Regardless of what specific issue the conversations are about, a simple message underlies them all: don’t give up.
“College is going to be hard, and it’s something that you need to push through,” said Pompey. Whenever students come back with complaints, she views it as the school’s job to remind them how hard they worked to get into college and how important it is now for them to finish.
Pompey acknowledged that she has heard some occasional gripes from students about how often the school contacts them, but she does not take them too seriously.
“Sometimes they tease us,” she said, laughing. “But the same students who are calling us a ‘stalker’ knock on my door and say, ‘Can you help me with my financial aid form?’”
“Some people complain, like, ‘Oh my gosh, why don’t they leave me alone?’” said Lordlyn Osei-Ofori, who graduated last year and currently attends Lehman College. “But I guess they care. That’s why they do that. Whatever you need help with, they are always there.”
Ramirez is the staff member who reaches out to the school’s alumni most often, mainly through emails, phone calls, and Facebook. Although she makes it clear to the students that their old school is there to help, she generally tries to answer their questions by guiding them toward the resources they have at their colleges. Her goal is to strike a balance between letting alumni know that they still have the support of Applied Math and Science while also making sure they’re starting to take on a greater level of personal responsibility.

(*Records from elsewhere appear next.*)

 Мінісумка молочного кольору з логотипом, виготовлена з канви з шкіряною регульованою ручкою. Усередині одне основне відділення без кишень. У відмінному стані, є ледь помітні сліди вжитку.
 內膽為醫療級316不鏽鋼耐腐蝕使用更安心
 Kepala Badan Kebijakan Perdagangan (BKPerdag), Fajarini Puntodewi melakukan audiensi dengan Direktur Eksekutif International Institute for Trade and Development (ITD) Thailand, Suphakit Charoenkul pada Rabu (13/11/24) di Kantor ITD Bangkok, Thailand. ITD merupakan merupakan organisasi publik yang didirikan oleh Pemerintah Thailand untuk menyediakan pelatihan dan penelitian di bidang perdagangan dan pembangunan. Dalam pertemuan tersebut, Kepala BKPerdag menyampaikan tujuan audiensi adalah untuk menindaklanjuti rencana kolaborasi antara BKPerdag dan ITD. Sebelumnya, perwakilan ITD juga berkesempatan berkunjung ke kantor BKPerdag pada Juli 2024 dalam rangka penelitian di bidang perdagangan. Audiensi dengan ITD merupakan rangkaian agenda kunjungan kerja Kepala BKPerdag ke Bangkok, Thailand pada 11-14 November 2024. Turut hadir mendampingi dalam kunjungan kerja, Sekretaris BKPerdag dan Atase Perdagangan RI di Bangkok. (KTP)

“You can’t always be holding their hand,” she said. “I had some students actually calling me about financial aid. ‘What do I do Miss Ramirez?’ And I would always tell them that, you know, at your school you have the financial aid office or the admissions office. There’s somebody there that is trained to help you.”

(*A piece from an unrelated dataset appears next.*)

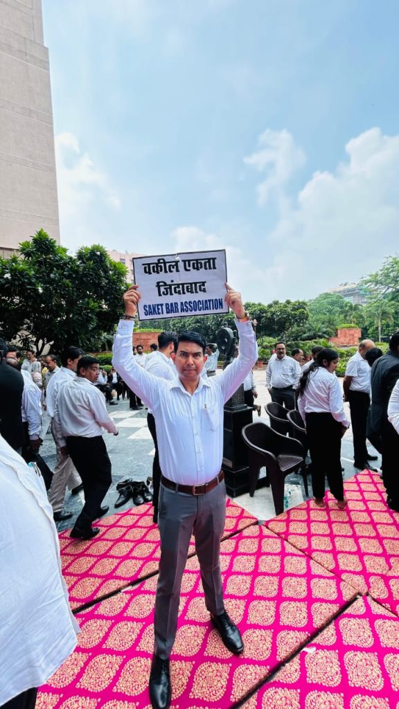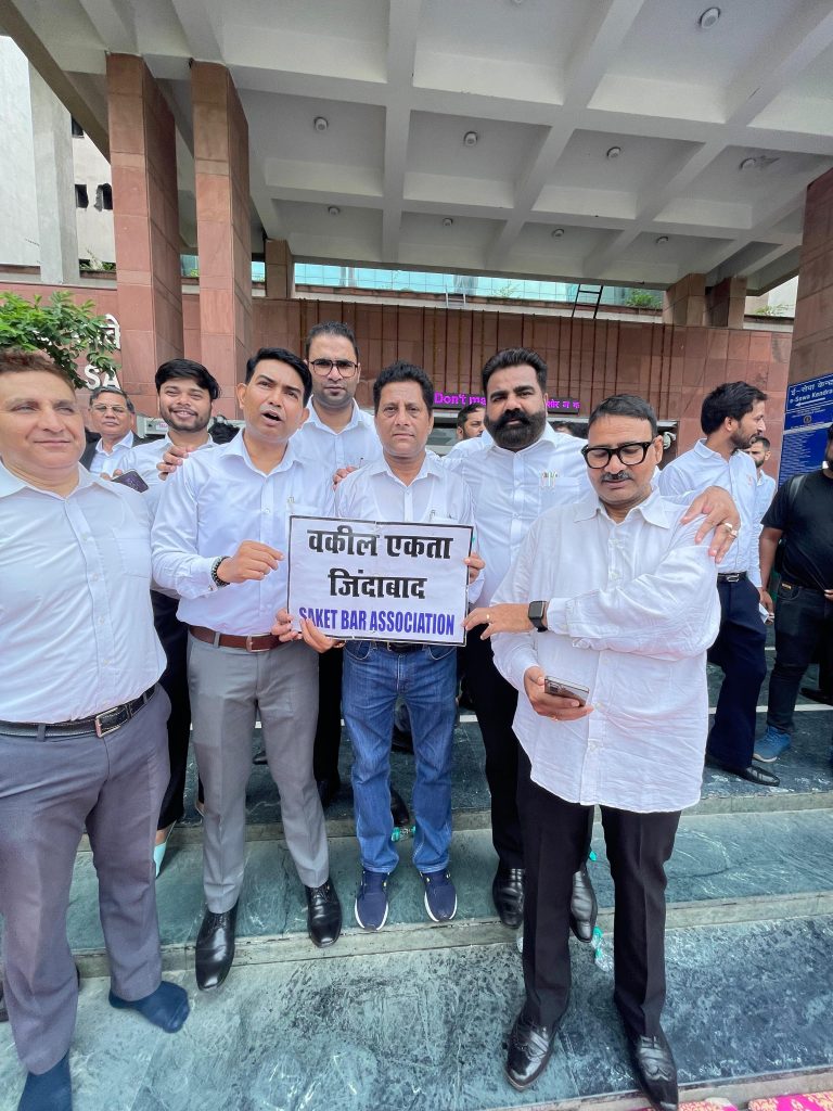साकेत कोर्ट की समस्त बार मेम्बर्स जिनके अथक प्रयासों और 22 अगस्त से निरंतर हड़ताल पर बैठने की कवायद से ही ये मुमकिन हो पाया है इसमें प्रमुख रूप से साकेत कोर्ट अध्य्क्ष श्री राजपाल कसाना जी, सेक्रेटरी अनिल बैसोया जी, उपाध्यक्ष नरेंद्र शर्मा जी, अडिशनल सेक्रेटरी हितेश बैसला जी, पूजा अरोड़ा जी,निर्देश बिधूड़ी जी, विक्रम बिधूड़ी जी, भरत आहूजा जी, अजय तंवर जी, यामिनी शर्मा जी,निखिल जी, गरिमा सिंह जी, पुनीत बशिष्ठ जी, सक्रिय रूप से भूमिका निभाने वाले एडवोकेट राजकुमार गोठवाल जी, धीर सिंह कसाना जी, विनोद शर्मा जी, मदनलाल जी,नीरज आनंद जी, राजेश परेवा जी, सुनीता भास्कर जी, रेखा पंवार जी, त्रिभुवन राठी जी, सुनील मोहन जी, मोहन श्याम आर्या जी, स्मिता जी, ऋचा प्रजपति जी, विभा जी, नरेंद्र मलावलिया जी, इरफान खान जी, आकाश गुप्ता जी, अरुण गुप्ता जी, सुरभि जी, सुभाष जी, ज्योति गुप्ता जी, योगेश सांखला जी, अनिल सांखला जी,कैलाश जी, जैसे संघर्ष शील वकील शामिल रहे।

“We don’t want to infantilize,” echoed Ken Baum, the school’s principal. “We don’t want to make kids dependent on us for decisions. We want to support.”
Pompey said the school will have to think about how it’s going to maintain these efforts once it has more than one class to keep in touch with, but she remains devoted to keeping the system in place regardless of how many students it involves.
“We’ll have to figure out how we’re going to manage it,” she said, “but we really don’t want to lose touch with them.”
Ramirez expects to deal with the expanding number of alumni by delegating some of the school’s efforts to them. Instead of having former students rely on the staff at Applied Math and Science as their main source of support, she believes they will be able to rely on each other, especially if they enroll at the same colleges.
“If we have groups of maybe five to even 10 student alumni…that actually attend the same university or college,” she said, “I could have a group leader or team leader and just check in with that one person.”
The school has already started using its first class of alumni as resources for its current students. Some have come back to talk about their experiences in college; some have offered up their dorm rooms for overnight visits; and some have helped fill out college applications. Staff members may spend plenty of time telling their students about the importance of going to college and telling their graduates about the importance of staying in college, but something about students hearing this from each other makes it seem much more practical and real.
“Teachers, they don’t know that times are different,” said Garcia. “I feel like the new generation needs to go back and tell the students…‘Oh, my teacher never told me about this,’ or, ‘They never talked about this.’”
Still, Garcia remains appreciative of the efforts his old school has made both to prepare him for college and to stay in touch with him after graduation, even if his teachers didn’t manage to tell him everything. He does not think he would be driven enough to transfer without the help of his old school.
“I feel like I would have just stuck it out in Canton and just not been really happy there,” he said. “The support that A.M.S. gives me keeps me on track and keeps me motivated.”